■ Exercise aim:
Below is a listing; write it out exactly and drop any images from it.

■ Dataset excerpt:
=== Begin Enclosure ===
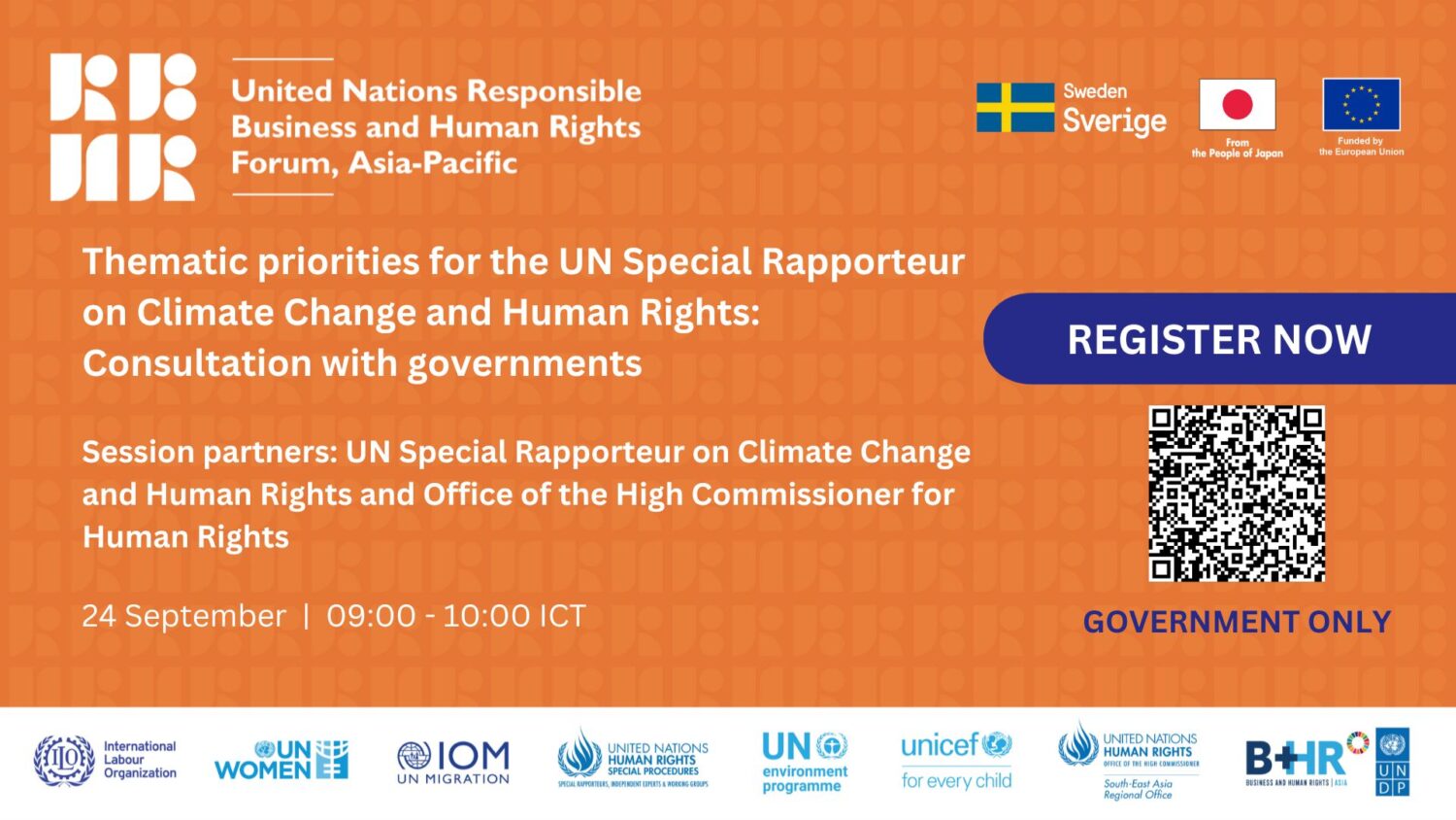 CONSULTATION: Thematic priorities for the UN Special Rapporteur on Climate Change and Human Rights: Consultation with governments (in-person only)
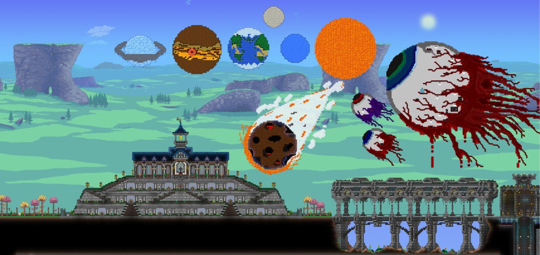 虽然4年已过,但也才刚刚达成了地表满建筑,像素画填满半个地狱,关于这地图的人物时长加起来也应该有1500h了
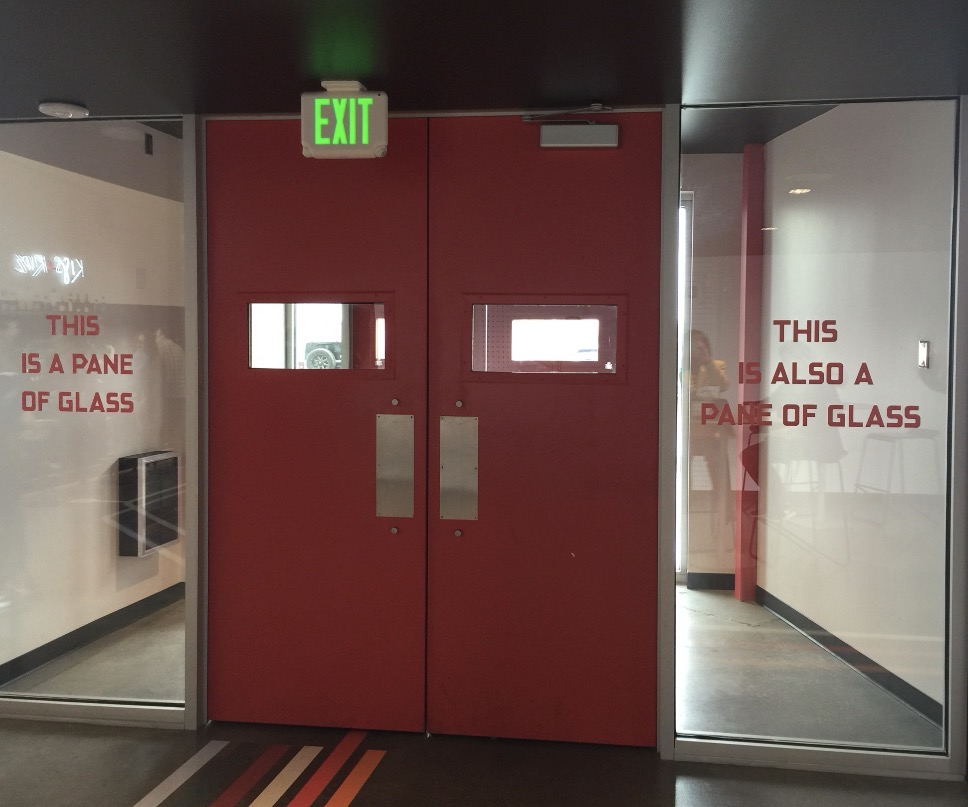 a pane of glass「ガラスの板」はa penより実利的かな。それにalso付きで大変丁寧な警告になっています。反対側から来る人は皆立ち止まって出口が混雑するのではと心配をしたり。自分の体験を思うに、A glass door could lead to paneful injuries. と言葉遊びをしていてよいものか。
=== End Enclosure ===
■ Exercise output:
 CONSULTATION: Thematic priorities for the UN Special Rapporteur on Climate Change and Human Rights: Consultation with governments (in-person only)
 虽然4年已过,但也才刚刚达成了地表满建筑,像素画填满半个地狱,关于这地图的人物时长加起来也应该有1500h了
 a pane of glass「ガラスの板」はa penより実利的かな。それにalso付きで大変丁寧な警告になっています。反対側から来る人は皆立ち止まって出口が混雑するのではと心配をしたり。自分の体験を思うに、A glass door could lead to paneful injuries. と言葉遊びをしていてよいものか。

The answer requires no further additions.